I am finally getting around to posting some video clips of the haunt. I had one hidden camera in the dark. I taped both nights of the haunt, but lost most of the footage when someone pressed record after the tape had rewound, so it was erased except for the last 20 minutes. Here is one clip, I will upload some more soon.
Image hosting, free photo sharing & video sharing at Photobucket


----------



## oct31man (Sep 19, 2006)

Here's another good one...

Image hosting, free photo sharing & video sharing at Photobucket


----------



## perdidoman (Dec 2, 2007)

I love it


----------



## Revenant (Mar 17, 2007)

The quality of the recording may not be much, but the material is solid gold... that was great! Good scares there, and lotsa fun... that's what it's all about!


----------



## NickG (Sep 12, 2006)

pure terror!


----------



## DeathTouch (Sep 6, 2005)

I think the video flipping all the time is scary just in itself.


----------



## Cassie7 (Sep 16, 2007)

Awesome. I love screams in the night hehehehe Now, THATS what's it's all about


----------



## scareme (Aug 29, 2006)

Looks like your tots had a great time. How many people are in your haunt?


----------



## Brad Green (Jul 29, 2004)

Actors live for the sound of applause, but screams, now there's real music!


----------



## oct31man (Sep 19, 2006)

Thanks. Between scare actors and switch operators, I'd say we had about 20-30. Mostly teens. Here are pics of all that helped. http://oct31man.com/2007pics.htm


----------



## DoubleX (Jan 13, 2008)

LOL they screamed so loud! nice job dude.


----------



## theboogeymengraveyard (Aug 23, 2007)

LMAO that's great


----------



## Lilly (Jun 13, 2006)

great pics 31, even though vids are short they kinda cool in that scratchy way makes it more creepy


----------



## oct31man (Sep 19, 2006)

Thanks! Yeah, the lighting was bad. I wanted dim lights, but everyone kept turning them off. I will not let that happen again this year. Too dark.


----------



## Empress Nightshade (Jul 25, 2004)

oct31man said:


> Thanks! Yeah, the lighting was bad. I wanted dim lights, but everyone kept turning them off. I will not let that happen again this year. Too dark.
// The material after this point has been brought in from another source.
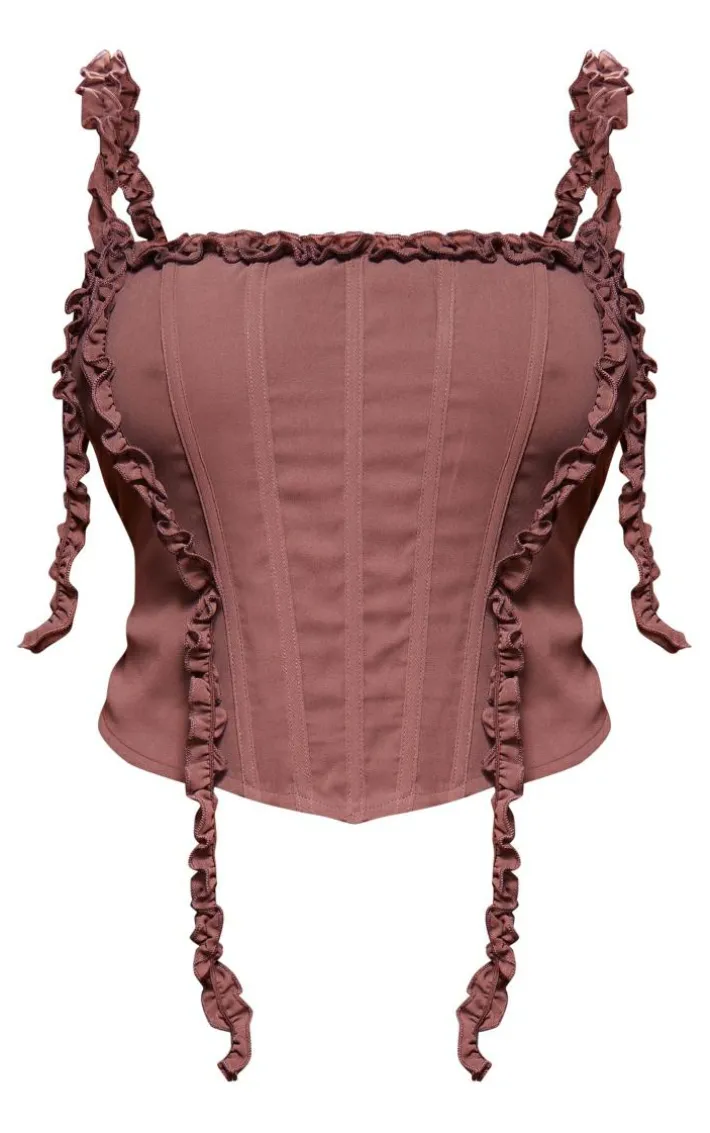 Take your weekend look to a whole new level with this plus light brown frill chiffon corset. Brought to you in a light brown hue chiffon material with frill detailing for that subtle touch of glam and a figure-worshipping corset fit, what more could you want? Pair this plus corset effortlessly with the matching skirt and just add heels to complete the look we’re loving.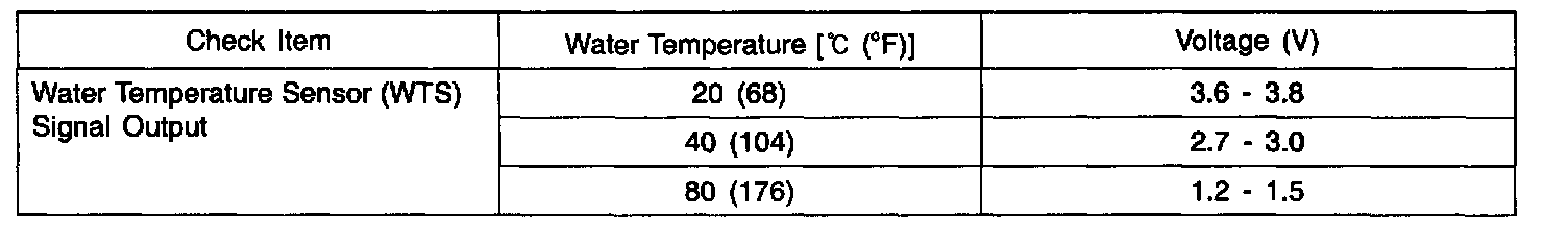 Engine Coolant Temperature Sensor (ECTS) installed in the engine coolant passage of the cylinder head detects the engine coolant temperature and emits signals to the ECM. This part employs a thermistor which is sensitive to changes in temperature. The electric resistance of the thermistor decreases in response to a temperature rise (NTC). The ECM determines engine coolant temperature by the sensor output voltage and provides optimum fuel enrichment when the engine is cold.

No night vision on your camera? Walmart has some very good and inexpensive cameras that have night vision and sound, as well. The type that you mount on walls, etc. I bought one two years ago and tested it out. But, I have yet to actually use it in the haunt. I'm gonna make another effort to this season.


----------



## hauntkid (Dec 16, 2007)

lol now that was funny!!!! lol all i could hear was screaming and a chainsaw all the way throught the vid. looks and sounds like a nice haunt!!!!


----------



## mymania (Jun 12, 2007)

Video has been moved or deleted?


----------